- TASK STATEMENT: Look through the records below, and copy out every line that holds the string "plein".
DATA EXTRACT Start Marker
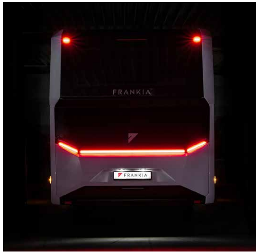
... mit seiner markanten Optik, durchgehendem BridgeLight und Highlights wie einem optionalen Panoramafenster im Heck.
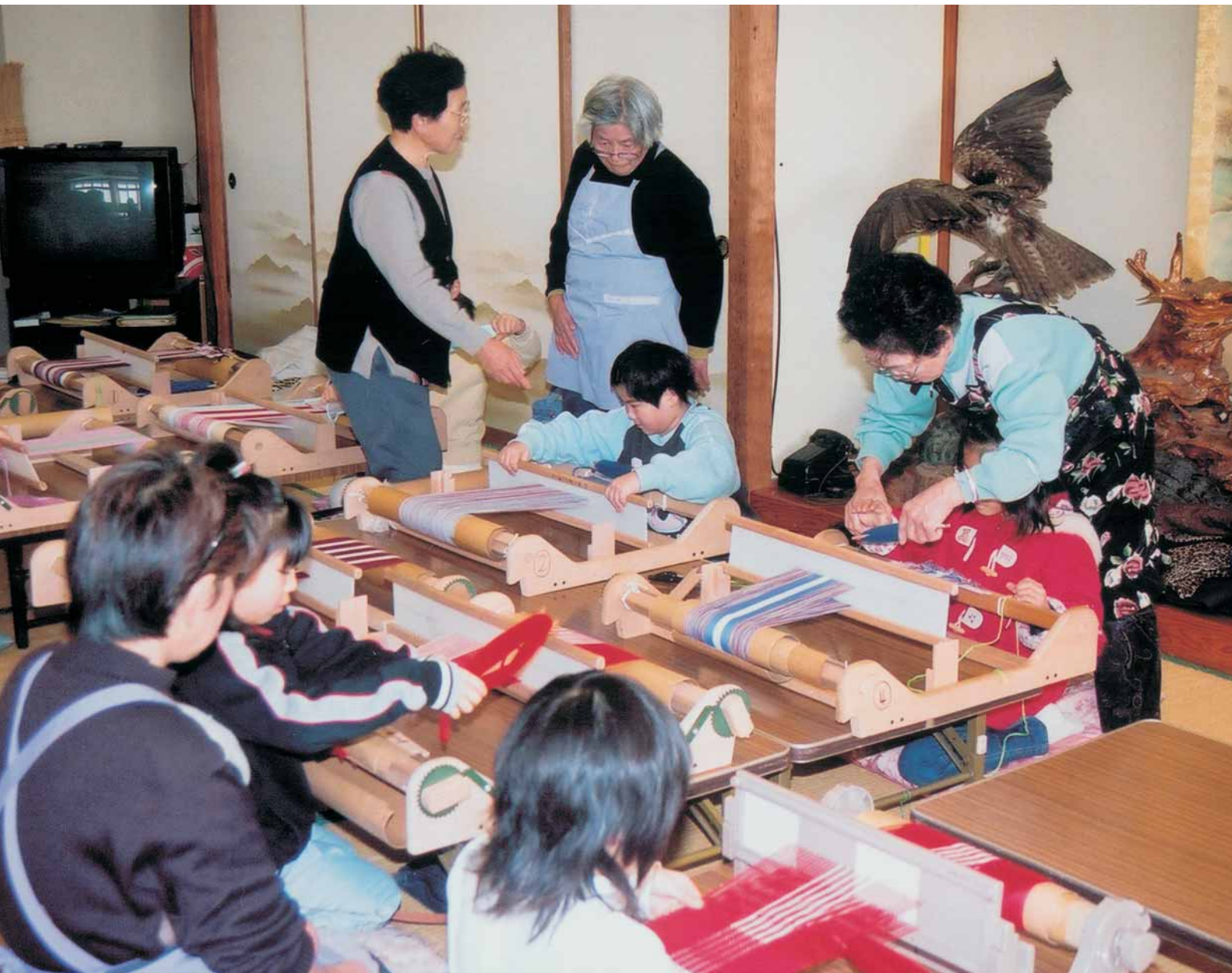
手織マフラーづくり (体験活動教室)
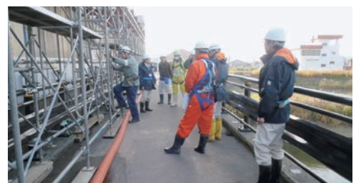
視察状況 (ゲート外部)

様々な視点からの指摘や参考情報を活用し、事故なく無事に完了できるよう残りの工事を十分注意しながら実施していきます。
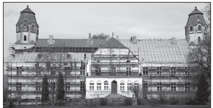
Suntažu pils. 2010. gada 5. jūnijs.
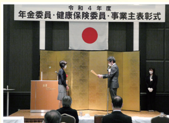
厚生労働大臣表彰
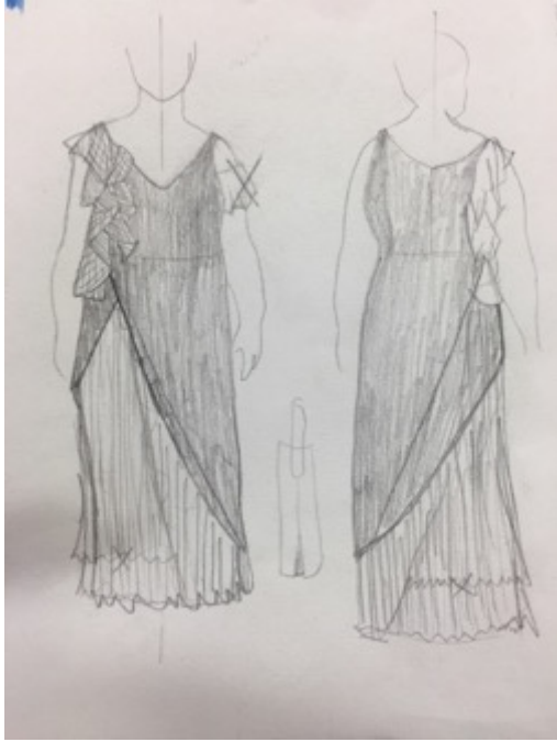
KUVA 21 Lopullinen luonnos.
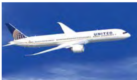
▲聯合航空所有機隊皆採用HEPA空氣清淨機進行空氣過濾。

因應全球新型冠狀病毒疫情影響，以及各國政府最新入境管制或禁止旅行的相關措施，全球旅遊需求減少，美國聯合航空宣布將於即日起至4/30期間，暫時停飛台北直飛舊金山航線。聯合航空台北分公司指出，若因政府限令，導致國際航班中斷或取消影響超過6小時，旅客可免費更改或保留機票價值至將來使用。該機票價值可抵用於將來任何航班、任何目的地。如旅客選擇退票，公司於開票日起12個月後，依原付款方式退還款項。
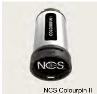
NCS Colourpin II

Wir erstatten den Kaufpreis des NCS Colourpin II, wenn der Kunde sich nach dem Kauf eines Neo Wohnen Möbels online zum Garantiepasse anmeldet und dabei die Originalrechnung bei hülsta einreicht.
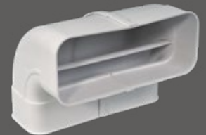
vertikale Flachkanalbögen 2 Stück
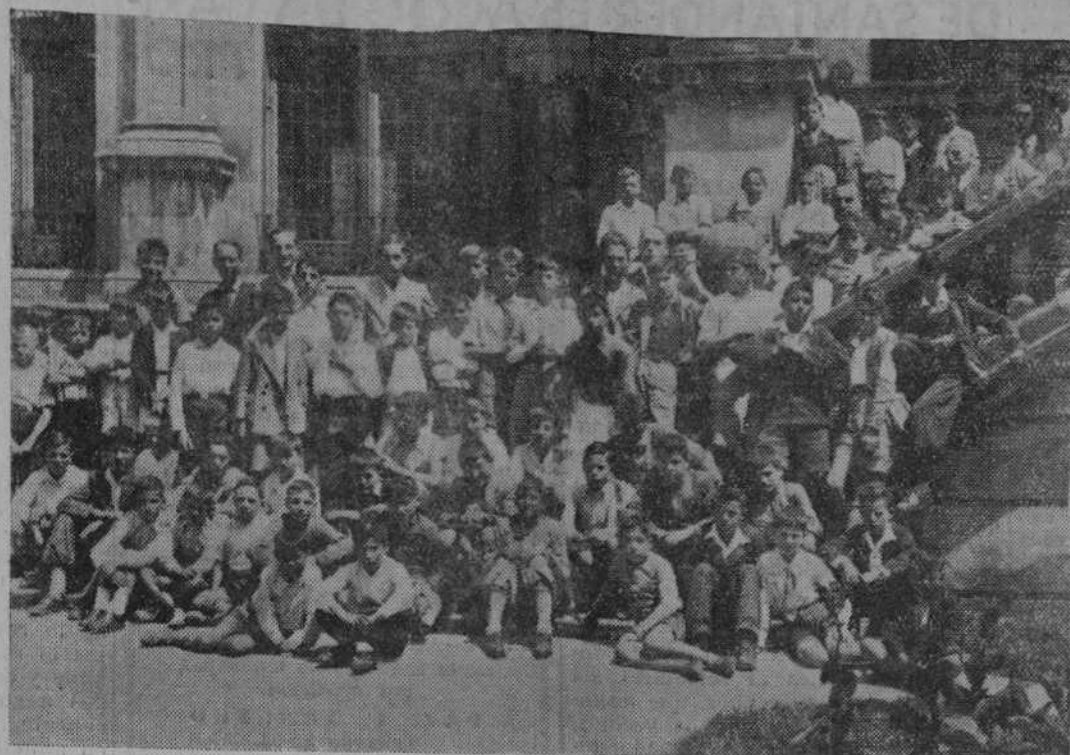
El director del Colegio Sadel, de Santaña, acompañado de los profesores y una sección de alumnos, en su visita a la Biblioteca de Menéndez Pelayo. Los expedicionarios visitaron también los talleres de LA VOZ DE CANTABRIA, donde, después de recorrer las distintas dependencias de nuestra Casa, fueron obsequiados con álbumes de la Cultura Española.

Mag. Hgado, Intelectual de ESCALANTE, 10, 1.º Avisos: Teléfono 1076
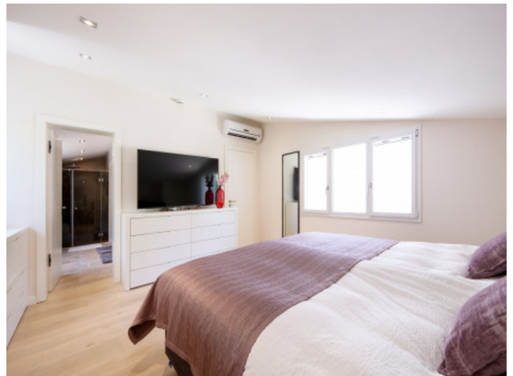
Uno de los 3 dormitorios
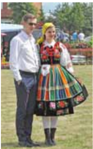
Wiele osób chętnie fotografowało się z dziewczętami w strojach ludowych z zespołu „Blichowiacy”.

Piknik już od godziny 11.00 cieszył się sporym powodzeniem. – Mamy już na parkingach ponad 70 samochodów, a wiele osób przyszło pieszo – raportowali uczniowie szkoły na Blichu, którzy tego dnia pełnili funkcję parkingowych i kierowali ruchem na – bądź co bądź – sporym terenie z licznymi budynkami na Blichu. Dodajmy, że tego dnia każdy z budynków i każdą ze szkolnych pracowni czy też budynków warsztatowych można było zwiedzić. Można było też obejrzeć park maszynowy jakim dysponuje szkoła, która prze-
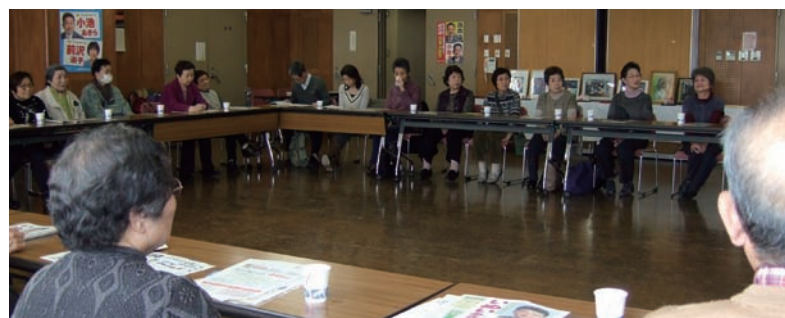
弁士の訴えに耳を傾ける参加者 = 6日、志茂東ふれあい館

北区で、高齢福祉予算は23区中17位だとのべ、「北区がためこんでいる445億円の積立金の一部をとりくずせば、抜本的な高齢者対策がすすみます。9人の日本共産党北区議員団は、衆議院になおせば100議席に匹敵する力で、特養ホームの待機者ゼロ、地域包括支援センターの職員倍加、24時間の高齢者見守りシステムの実現にむけて全力をあげます」と決意を表明しました。また、JR赤羽駅の改修問題や赤羽公園の遊具撤去をめぐる問題についてくわしく報告し、「どんな問題でも住民のみなさんの声を大切にし、区民の声で区政を動かしてゆきます」と訴えました。参加者からは、「テレビで『老人のネットカフェ』をとりあげ報道して
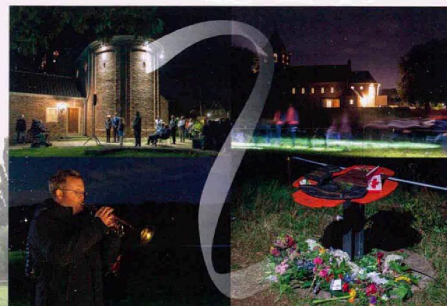
Sleerfoto's tijdens de stilletocht.

De stille tocht wordt bij het monument afgesloten met het spelen van de Last Post en is tevens de officiële afsluiting van de Airborne herdenkingen binnen de gemeente Renkum.
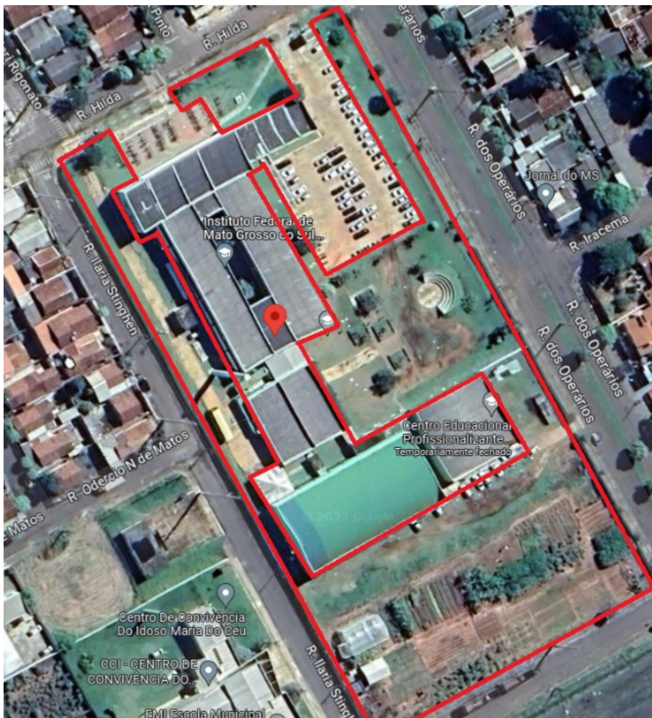
Imagem 9: Foto aérea do Campus NV - Google earth 2023

2) Sede definitiva cuja área é de 7.000,00m 2 , onde há construído 1 bloco H, 1 sala modular, 1 quadra poliesportiva, 1 barracão, 1 estufa e 1 casa de defensivos, somando um total aproximado de 3.000,00m 2 . Está no local também 2 containers. Há área gramada, mato e alguns arbustos.
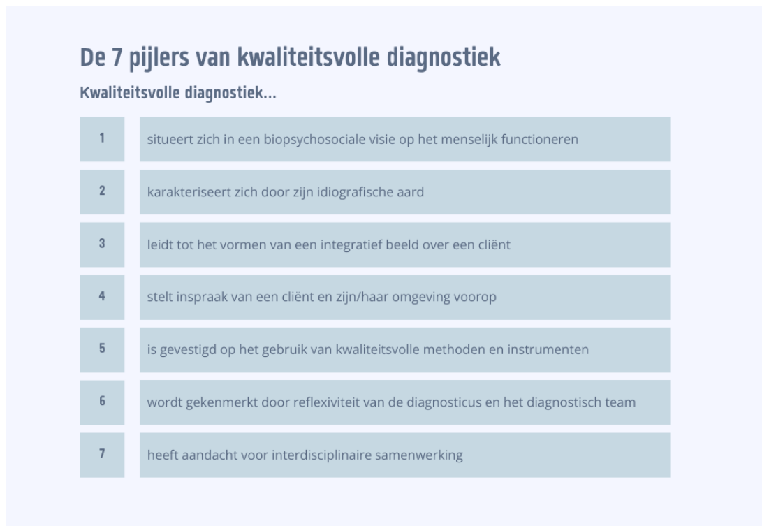
Figuur 1.1. De zeven pijlers van kwaliteitsvolle diagnostiek

de hand van zeven pijlers , zoals sinds 2020 beschreven in de Algemene Intersectorale Richtlijn Diagnostiek (AIRD) .
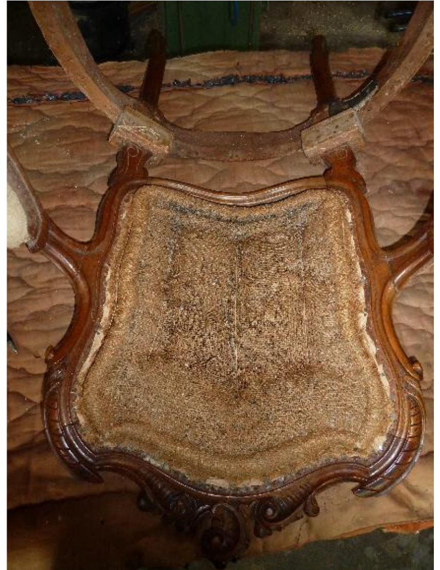
Beau travail côté dossier réalisé en plein avec une piqûre en crin animal
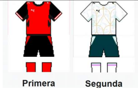
Österreichs Farbauswahl bei Trikot
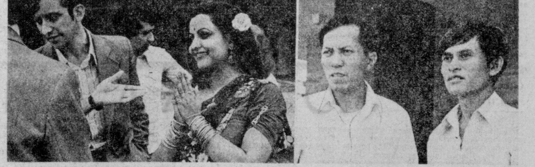
Бугун Тошкентда бошланган Осиё, Африка ва Лотин Америкаси мамлакатларининг халқаро кинофестивали қатнашчилари шахримизнинг диққатга сазовор юнлари билан танишмоқдалар, томошбинлар билан суҳбатлашмоқдалар.

шаҳри ва у ерда бўлаётган халқаро анжуман ҳақида чиройли раҳбарларнинг надрларга тушириш истагини бор. Бундан ташқари, ўзбек ёзувчилари ва кинорежиссёрлари билан учрашиш, давра қуриш, фикр алмашиш, ҳулаас дўстлик муносабатларимизни янада кенгайтириш ниҳтидаимиз. Мен ўйлайманки, Совет Иттифоқи ва Туркия мамлакатлари ўртасидagi маданий алоқаларимиз бундай буюб ҳам баланд парвоз қилади.
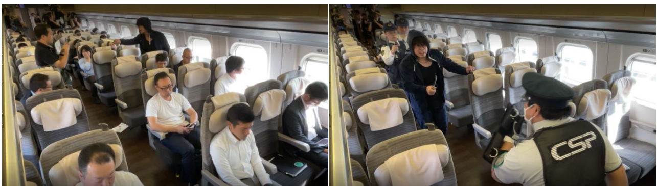
10月3日 東北新幹線（宇都宮～小山間） 異常時対応訓練

乗務員、駅、指令、アテンダントなどの JR 東日本グループ社員に加え、警察や警備会社の協力を頂きながら、新幹線などの実車両を用いた異常時対応訓練を定期的実施しています。警察と連携した実践的な内容とすることで、課題の抽出および社員一人ひとりの異常時対応能力の向上を図っています。また、全ての乗務員に対して、異常時の対応フローを教育しています。
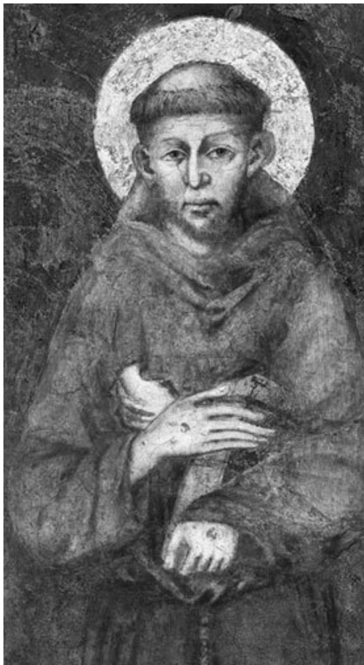
Святой Франциск Ассизский Фреска работы Джотто ди Бондоне

Тающая синева небес, тонкая очерченность холмов, пушистость раннего цветения на картинах Рафаэля, Перуджино, Пьеро делла Франческа. Весь настрой нежной, молодой, однако и твердой, таинственной земли Тосканы способствовал деятельному поэтическому гению этих мест. Тогда, на рубеже XII–XIII веков, возникла мода на любовную и религиозную песенную лирику странствующих бардов, менестрелей и жонглеров из Франции. Странствовали группы и балаганы в праздники и ярмарочные дни. Но особенно популярны были жонглеры, которые умели все: и петь, и ходить на руках, и быть или казаться чуть-чуть юродивыми. Легенду о «Жонглере Богоматери» знали все. Молодой человек не знал ни молитв, ни грамоты, но страстно, всем сердцем возлюбил Пречистую Деву. Свое служение он доказывал, выделявая антраша, исполняя песни-молитвы собственного сочинения. Однажды во сне Пречистая явилась ему и в знак благосклонности укрыла сына своего покрывалом, обласкала улыбкой, сия-
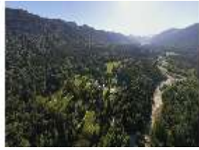
Lin.V, Vogelperspektive, DI016653, BSV-
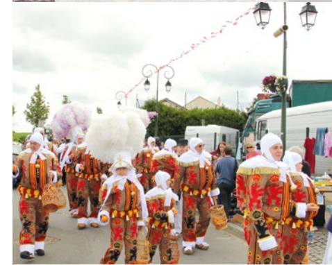
Les Gilles de Charleroi ont fait forte impression devant les nombreux visiteurs

La journée s'est poursuivie dans la joie et la bonne humeur avec la visite des Gilles de Charleroi qui distribuèrent des oranges aux nombreux visiteurs. Alors que la fête foraine battait son plein, que les cris de joie des enfants envahissaient les rues, les poneys des écuries de la Garenne de Moussy le Neuf, faisaient battre le coeur de jeunes cavaliers en herbe lors de petites balades dans les chemins de la commune. Le lendemain, la fête perdurait encore un peu grâce aux mille tickets de manèges distribués par la Municipalité à tous les enfants de l'école.
DATA EXTRACT End Marker
- RESULT BELOW:
Beau travail côté dossier réalisé en plein avec une piqûre en crin animal
La journée s'est poursuivie dans la joie et la bonne humeur avec la visite des Gilles de Charleroi qui distribuèrent des oranges aux nombreux visiteurs. Alors que la fête foraine battait son plein, que les cris de joie des enfants envahissaient les rues, les poneys des écuries de la Garenne de Moussy le Neuf, faisaient battre le coeur de jeunes cavaliers en herbe lors de petites balades dans les chemins de la commune. Le lendemain, la fête perdurait encore un peu grâce aux mille tickets de manèges distribués par la Municipalité à tous les enfants de l'école.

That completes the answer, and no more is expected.